Input is here x and n, output is one row of A.
Row and column numbers are specified separately.
- With the so defined ''ansatz'' you either might generate artificial data
(in this case the abscissas are chosen equidistantly in a given interval
and you specify the ''true'' coefficients and a perturbation level as in case 2)
or
- you fit given own discrete data.
|
|
|
Output |
|
- In case 1 you get the solution vector p and the euclidean length of the residual.
You also get the reciprocal condition number 1/κ
- In case 2: you get
- your chosen ''true'' coefficients p0,...,pn.
- the computed coefficients, showing the influence of roundoff and/or generated noise,
for the solution way using the normal equations and the QR decomposition.
- A plot showing the discrete data points and the approximating function F(x;p)

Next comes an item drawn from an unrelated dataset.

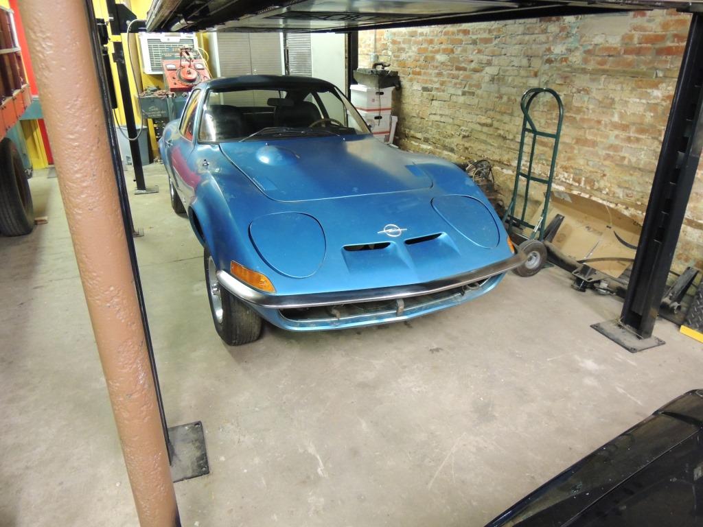 Anyway.... Just made a deal on a 69 GT 1.1 with an extra engine. Of the 100,000 Opel GT's sold in this country, only about 3500 have the tiny 1.1 engine. 46,xxx miles. Same owner since 1974. Less than 100 miles from me. Sherri and I picked it up yesterday. True basket case. But, other than the battery tray... no rust. HH paint code (Strato Blue) similar to Chevy LeMans Blue (my favorite color for the GT) Black interior. Dash is trash of course. No tears in the seats, but some seam separation. Vinyl is not that soft, so may need seat covers. Goal is to clean it up, get it back together, get it running (been sitting a while.. a long while) go through the mechanical issues, and drive as a survivor. Not a true survivor, as it had paint work done early in its life (sometime before 1974). If I do decide to do a full resto, it will be a while, as I have three projects in front of it. We have about a 20 mile commute, mostly highway, and plan to use this car 2 or 3 days a week for the commute. Going to shoot for 50 mpg, which I think is doable. Found a guy getting 65 mpg in his 69 GT with the same engine. Will be way more cool than driving a Prius. Driver's side door does not open from the outside, so the door panel is off and laying in the back "seat". But both door panels are in very good condition. To give you an idea how miniscule the engine and trans are; I can pick up the trans with one hand. Sherri and I picked up the engines without straps, chains hoist etc, just with our hands, and got them out of the Tahoe, then set them on the floor. One is missing the carbs (dual one barrels) and exhaust manifolds, but even the fully dressed engine complete with clutch and flywheel is light enough for us to pick up by hand. Complete car only weighs 1880 pounds without driver.

with p from the QR solution way.
- The reciprocal condition number 1/κ
- The same output as in case two is also provided for case three, an ''ansatz'' of your own.
|
|
|
Questions ?! |
|
- If a small errlev generates large deviations in p: what do you conclude
from this?
- In which cases the results between the normal equations and the QR solution way differ most
and why? Can you realize a connection of these differences to the reciprocal
condition number?
- Which role plays the transformation to [-1,1] in the case of a polynomial model?

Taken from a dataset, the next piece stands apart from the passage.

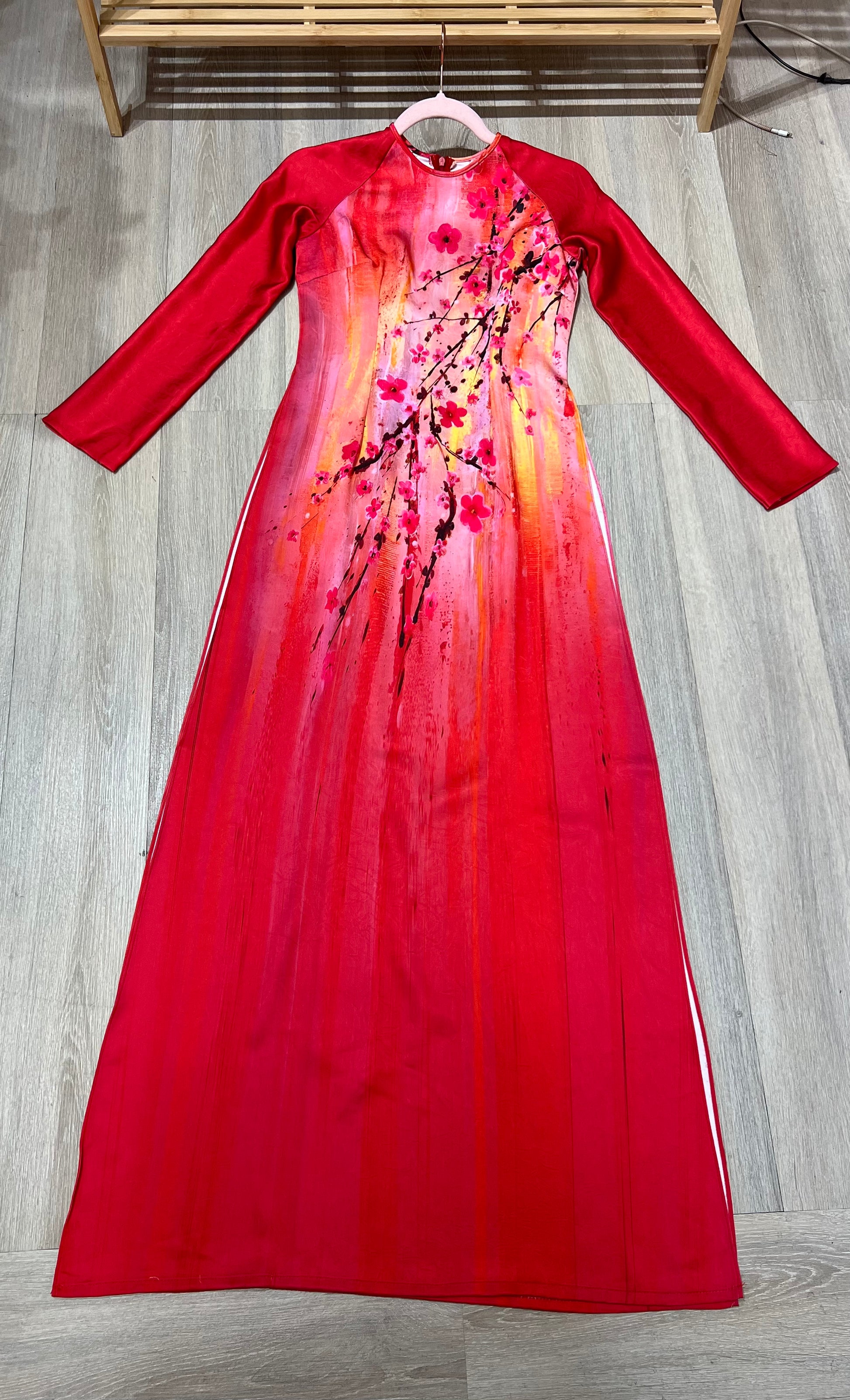 A153 - Áo Dài Lụa Tiêu Giao Đỏ in Hoa | Áo Only

- Which difference do you observe between the monomial and the Legendre basis?
- What do you expect if you choose in case 2 and the exponential model some ci=0?
- How compares the upper bound for the change in the solution given above with
with the one you can observe here, if you first set errlev to zero and then
to some realistic value in the magnitude of some percent (like measurement errors)?
|
|
|
|